Let $\mathbf{M}$ be a matrix in $V = M_n(\mathbb{R})$ and $T:V \rightarrow V$ be a linear operator so that $T(\mathbf{X}) = \mathbf{MX}$, $\forall \, \mathbf{X} \in V$. Considering the following inner product in $V$:
$\langle \mathbf{A},\mathbf{B} \rangle = \mathrm{tr}(\mathbf{AB}^T)$
how can I prove that, if $T$ is an isometry, then $\mathbf{M}$ is an orthogonal matrix?
On
Use the fact that if $\mathbf{A} \in M_n(\Bbb R)$ such that $\operatorname{tr}(\mathbf{AX}) = 0$ for all $\mathbf{X}\in M_n(\Bbb R)$, then $\mathbf{A} = \mathbf{0}$. Now take an arbitrary $\mathbf{X}\in M_n(\Bbb R)$ and consider the equation $\langle T(\mathbf{X}), T(\mathbf{I})\rangle = \langle \mathbf{X},\mathbf{I}\rangle$.
$T$ is an isometry means for all matrices $\mathbf{A}, \mathbf{B}\in V$:
\begin{align} \langle T(\mathbf{A}), T(\mathbf{B}) \rangle = \langle \mathbf{A}, \mathbf{B} \rangle \end{align}
But, by cyclicity of trace: \begin{align} \langle T(\mathbf{A}), T(\mathbf{B}) \rangle =\mathrm{tr}(\mathbf{M}\mathbf{AB}^T \mathbf{M}^T) = \mathrm{tr}(\mathbf{M}^T\mathbf{MAB}^T) \end{align}
So we require:
\begin{align} \mathrm{tr}((\mathbf{M}^T\mathbf{M})\mathbf{AB}^T) = \mathrm{tr}(\mathbf{AB}^T) \end{align}
This requires that $\mathbf{M}^T\mathbf{M} = \mathbf{I}_n$, ie $\mathbf{M}$ is orthogonal.
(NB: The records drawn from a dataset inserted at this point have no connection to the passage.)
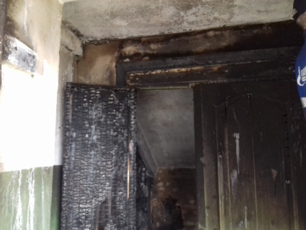 Огонь повредил вещи, внутреннюю дверь в подъезде №4 на площади два квадратных метра. Кроме того, оказались повреждены электрокоммуникации и закопчены стены подъезда с 1 по 5 этажи. Предположительн, причиной пожара стала детская шалость с огнем.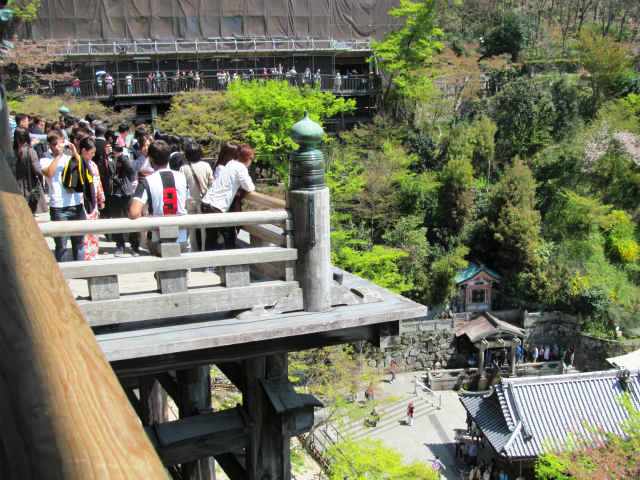 ![]() 清水寺の舞台から音羽の滝が右下に |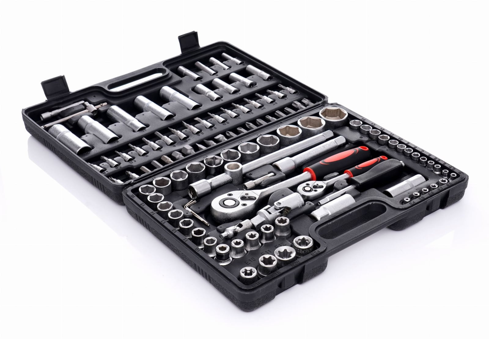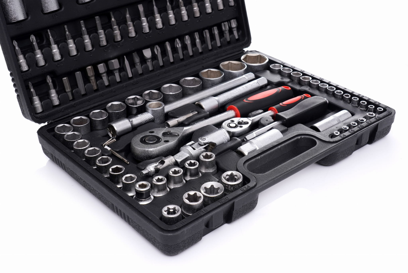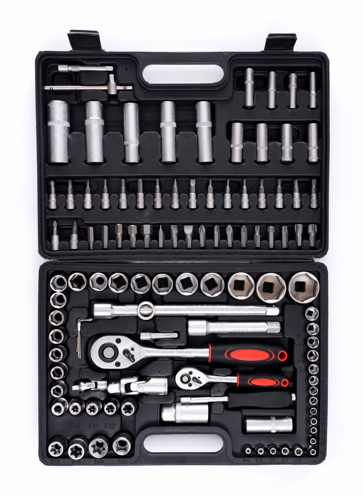Un set foarte extins de unelte, inclusiv chei tubulare și biți de șurubelniță.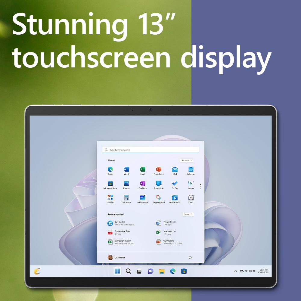 - Virtually edge-to-edge 13" PixelSense touchscreen designed for pen and Windows 11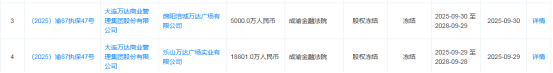 值得注意的是,这并非大连万达商管集团首次遭遇股权冻结。就在不久前的9月29日及30日,天眼查信息显示,该公司新增两则股权冻结信息,涉及乐山万达广场实业有限公司和绵阳涪城万达广场有限公司,冻结股权数额分别约为1.88亿元和5000万元,合计高达2.38亿元。冻结期限均为三年,执行法院同样为成渝金融法院。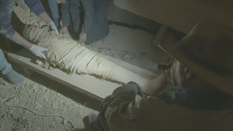 Wo ist Imhoteps Grab? Bis heute fehlt jede Spur von der letzten Ruhestätte des großen Bauherrn. Ägyptologe Zahi Hawass sucht im Wüstensand der Totenstadt Sakkara nach einer Antwort. Seit mehreren Jahrzehnten durchkämmt der Archäologe den Grund der südlich von Kairo gelegenen Nekropole. Immer wieder hat er dort spektakuläre Entdeckungen gemacht. Wird er nun Imhoteps Grabkammer finden? Auf seiner Suche nach dem Grab des Baumeisters der Djoser-Pyramide begeben sich Zahi Hawass und sein Team in die Unterwelt der Nekropole. Tief unter dem Wüstensand finden sie eine Grabkammer. Ein zehn Meter tiefer, senkrechter Schacht führt hinab. Vor 2500 Jahren wurde dort eine Mumie beigesetzt. Der Sarkophag ist aus Kalkstein und tonnenschwer. Der Mumie beigelegt liegt ein langer Stab. Befehligte die dort begrabene Person zu ihren Lebzeiten eine große Anzahl von Arbeitern? Ist also der Stock ein Symbol ihres sozialen Status zu Lebzeiten? Archäologe und Radiologe Basem Gehad durchleuchtet die Mumie. Es ist eine etwa 30-jährige Frau. War die dort aufwendig beerdigte Frau eine Hohepriesterin? Bei den Ausgrabungen auf dem Gelände von Sakkara macht Zahi Hawass' Team eine weitere Entdeckung: eine in einem einfachen Schilfsarg zur letzten Ruhe gebettete Mumie. Das Grab der einfachen Leute. Grabbeigaben, die etwas über ihr Leben verraten könnten, gibt es keine. Die Osteologin Afaf Wahba will mehr über den Verstorbenen erfahren. Anhand der Knochen bestimmt sie Alter, Größe und Geschlecht. Es handelt sich um eine Frau, 1,58 Meter groß und über 50 Jahre alt. Nur wenige Hundert Meter von der Djoser-Pyramide entfernt findet Zahi Hawass' Team ein weiteres Schachtgrab. 15 Meter unter der Erde steht dort ein imposanter, 25 Tonnen schwerer Kalkstein-Sarkophag. Im Inneren des Sarkophags befindet sich eine mit reichem Perlenschmuck beigesetzte Mumie. Anhand der Art ihrer Mumifizierung kann Zahi Hawass ihr Alter bestimmen: mindestens 4200 Jahre. Damit könnte sie die älteste je in Ägypten gefundene Mumie sein. Neben ihr liegt ein langer, mit Blattgold verzierter Stab. Die Hinweise sind eindeutig: Der dort bestattete Mann gehörte zur gesellschaftlichen Elite des Alten Reichs. Auch seinen Namen hinterließ er der Nachwelt. Auf dem Deckel des Steinsarges steht in roten Hieroglyphen "Hekaschebes" geschrieben. Zahi Hawass glaubt: Das Grab des Baumeisters Imhotep muss in der Nähe seines wichtigsten Bauwerks zu finden sein. Zwar wurden schon viele Grabkammern in der Umgebung der Djoser-Pyramide vor langer Zeit geplündert. Doch ein so genialer Architekt wie Imhotep müsste in der Lage gewesen sein, seine Wohnstatt im Totenreich vor den Grabräubern zu verbergen. Noch immer hat der ägyptische Wüstensand den größten Teil seiner archäologischen Schätze nicht preisgegeben. Die Suche nach Imhotep geht weiter.

Edit: As additional explanation for the last implication, subtracting the RHS of the equation gives, by linearity of trace: $\mathrm{tr}((\mathbf{M}^T\mathbf{M} - \mathbf{I}_n)\mathbf{AB}^T) = 0$. Now assume for contradiction $(\mathbf{M}^T\mathbf{M} - \mathbf{I}_n) \neq \mathbf{0}$. Then it has a non-zero eigenvalue, $\lambda$, with normalized eigenvector $\mathbf{v}$. Then I can let $\mathbf{AB}^T = \mathbf{vv}^T$ (ie, be the projector onto this eigenspace), giving $\mathrm{tr}((\mathbf{M}^T\mathbf{M} - \mathbf{I}_n)\mathbf{AB}^T) = \mathrm{tr}(\lambda \mathbf{vv}^T) = \mathrm{tr}(\lambda \mathbf{v}^T\mathbf{v}) = \lambda |\mathbf{v}|^2 =\lambda \neq 0$.